Proactieve Zorgplanning (Ook wel Advance Care Planning) is een proces waarbij de patiënt met zijn/haar behandelend arts wensen, doelen en voorkeuren voor zorg rond het levenseinde bespreekt en eventueel vastlegt, vooruitlopend op het moment dat de patiënt zelf niet meer in staat is om beslissingen te nemen.
Aanleiding tot gesprek
Het initiatief tot het levenseinde gesprek kan liggen bij de oudere zelf, een wettelijk vertegenwoordiger van de oudere, de huisarts of andere zorgverlener. De huisarts/POH of andere zorgverlener neemt het initiatief als:
- Iemand als kwetsbaar wordt geïdentificeerd
- Te verwachten is dat de patiënt binnen een jaar zal overlijden (surprise question)

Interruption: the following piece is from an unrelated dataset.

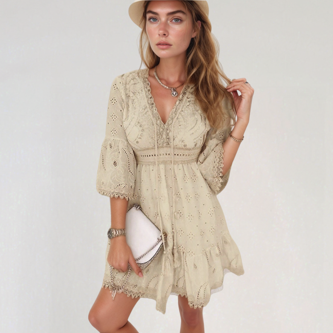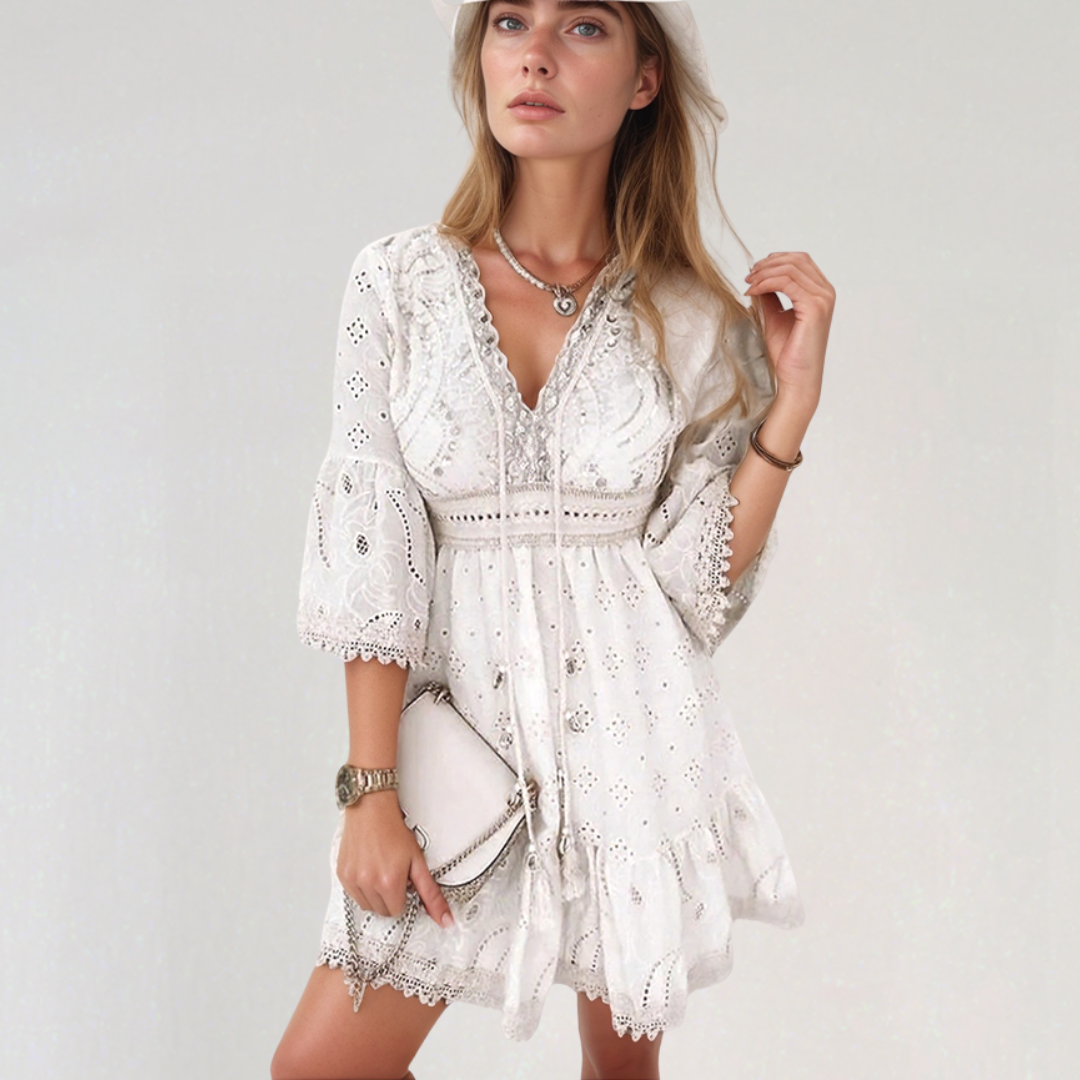 Ghislaine | Krátká bohémská šaty – Jemné výšivky a límec V

- Er een risico aanwezig is dat de oudere op korte termijn wilsonbekwaam wordt (na diagnose dementie)
- Bij de start van palliatieve zorg
- Na opname in verzorgingstehuis
- Voor de oudere één of meer van onderstaande punten gelden:
- Ongeneeslijke ziekte
- 70+ met co morbiditeit én afnemende vitaliteit
- Verhoogde kans op hart- en/of ademhalingsstilstand
- Cognitieve beperkingen (diagnose dementie)
- Verhoogde kans op ernstige en blijvende invaliditeit
Het gesprek
De wensen en behoeften t.a.v. de laatste levensfase worden bij voorkeur in het bijzijn van de eventuele mantelzorger besproken. De POH-O, wijkverpleegkundige, sociaal werker of andere hulpverlener kan een signalerende en informerende rol vervullen. Zij kunnen het gesprek met de oudere aangaan en het gedachtenproces van de oudere op gang brengen.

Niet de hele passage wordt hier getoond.